Светлана с Лавровым сидели за столом и гадали на кофейной гуще.
– Как твоя рука? – спросил он. – Еще болит?
– Терпимо.
– Мне выпала дальняя дорога, – сообщила художница, показывая бурые потеки на дне чашки.
– Как кофе? – осведомилась Эми тем же тоном, что и Лавров.
– Отличный. Роман уговорил меня выпить.
– Завидую Метелкину, – подхалимничал он. – Ты подаешь ему кофе каждое утро?
– Почти.
Она уселась за стол, посмотрела на расплывшееся по столу пятно, на свою чашку с остатками холодной коричневой жижи… и улыбнулась.
– Что-то мне душно, – пожаловалась Светлана, оттягивая и без того растянутый ворот блузки.
– Открыть окно? – отозвался Лавров, привстал, покачнулся и рухнул обратно на стул. – Черт… что это…

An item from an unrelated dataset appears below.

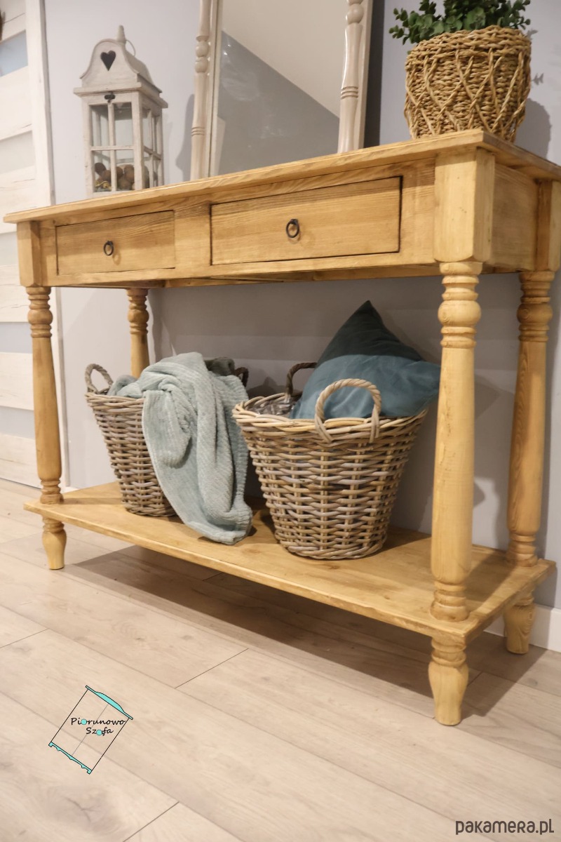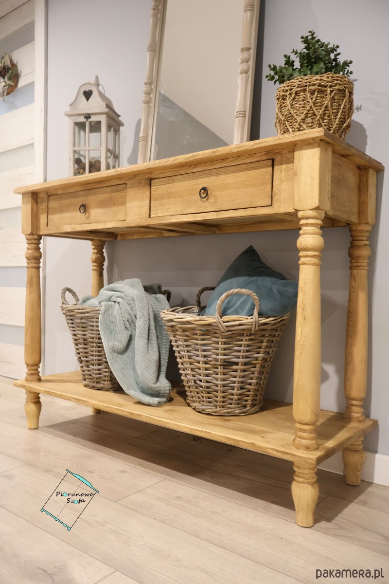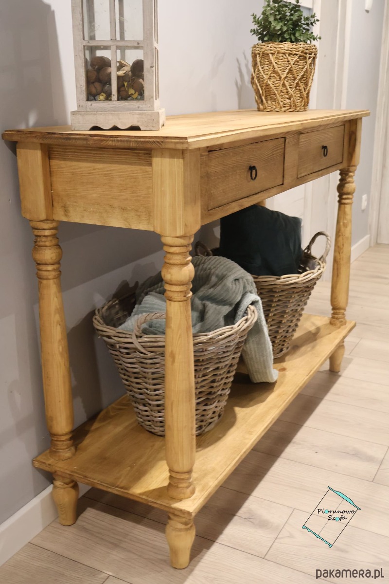 Konsola rustykalna, Vintage z litego drewna, toczone nog

Эмилия продолжала сидеть напротив и улыбаться. Она забыла об ожоге и испачканном джемпере. Забыла о грубых словах, которые ей пришлось выслушать утром от мужа. У нее начинался бенефис. Показательное выступление в пику этой скотине Лаврову и паршивой овце Светлане, которая увела у нее Артынова. Сегодня все закончится раз и навсегда.
– Тебе предстоит очень дальняя дорога! – воскликнула она, ласково глядя на художницу. – Я долгие годы мечтала проводить тебя в последний путь. Наконец случай представился.
Светлане становилось все хуже. Она тяжело дышала и держалась за горло. Лавров перевел изумленный взгляд с декораторши на Эмилию.
– Я не понимаю…
– У моего отца было больное сердце, – сказала та. – Я ухаживала за ним, пока он не умер, и кое-что узнала о сердечных болезнях. Лекарство, которое спасает жизнь, может убить, если превысить дозу. Кончина наступает не сразу. Через полчаса, к примеру. Если у человека крепкий организм, он продержится минут сорок, не больше.